== DATA EXTRACT ==

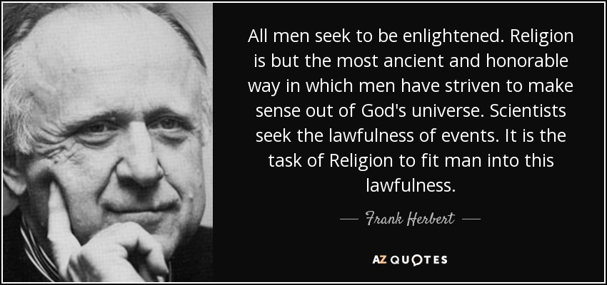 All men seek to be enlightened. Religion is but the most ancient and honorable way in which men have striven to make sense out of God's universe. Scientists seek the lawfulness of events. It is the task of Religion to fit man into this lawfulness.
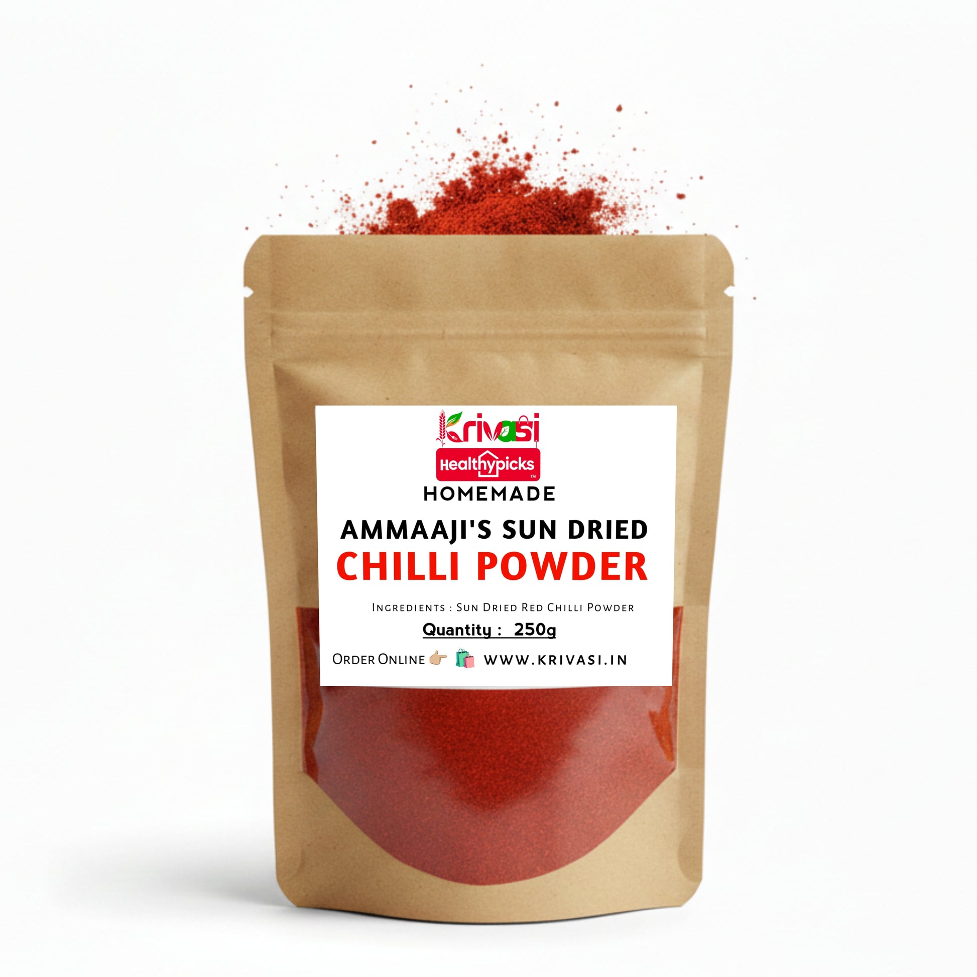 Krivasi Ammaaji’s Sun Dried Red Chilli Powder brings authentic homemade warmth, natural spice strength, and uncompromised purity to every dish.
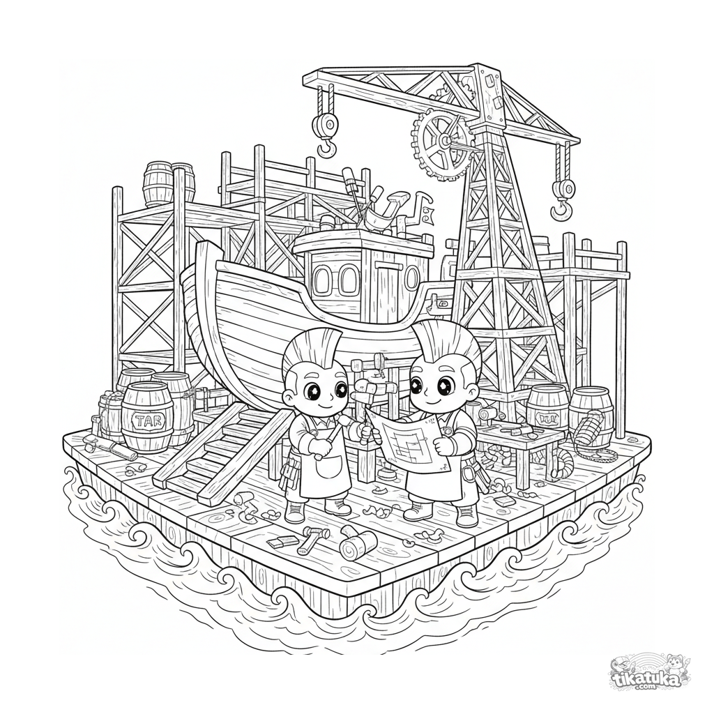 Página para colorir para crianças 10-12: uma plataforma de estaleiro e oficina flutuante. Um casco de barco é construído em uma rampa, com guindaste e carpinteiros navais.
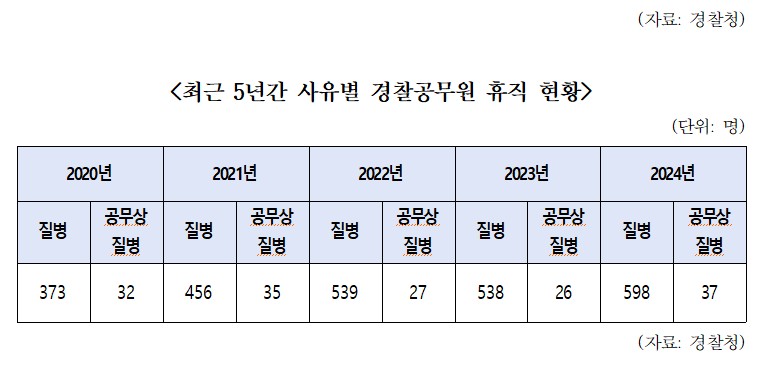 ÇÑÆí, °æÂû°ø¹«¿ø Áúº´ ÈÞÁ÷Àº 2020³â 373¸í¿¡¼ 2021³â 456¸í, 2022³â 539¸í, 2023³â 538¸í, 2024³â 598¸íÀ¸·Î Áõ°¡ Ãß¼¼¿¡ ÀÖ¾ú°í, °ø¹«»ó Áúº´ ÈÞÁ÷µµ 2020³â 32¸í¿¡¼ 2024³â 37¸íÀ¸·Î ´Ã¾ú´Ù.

===

> _ABOUT THIS EXERCISE_: The listing above must be printed again exactly, minus its pictures.

> _SOLUTION FOR THIS EXERCISE_:
 All men seek to be enlightened. Religion is but the most ancient and honorable way in which men have striven to make sense out of God's universe. Scientists seek the lawfulness of events. It is the task of Religion to fit man into this lawfulness.
 Krivasi Ammaaji’s Sun Dried Red Chilli Powder brings authentic homemade warmth, natural spice strength, and uncompromised purity to every dish.
 Página para colorir para crianças 10-12: uma plataforma de estaleiro e oficina flutuante. Um casco de barco é construído em uma rampa, com guindaste e carpinteiros navais.
 ÇÑÆí, °æÂû°ø¹«¿ø Áúº´ ÈÞÁ÷Àº 2020³â 373¸í¿¡¼ 2021³â 456¸í, 2022³â 539¸í, 2023³â 538¸í, 2024³â 598¸íÀ¸·Î Áõ°¡ Ãß¼¼¿¡ ÀÖ¾ú°í, °ø¹«»ó Áúº´ ÈÞÁ÷µµ 2020³â 32¸í¿¡¼ 2024³â 37¸íÀ¸·Î ´Ã¾ú´Ù.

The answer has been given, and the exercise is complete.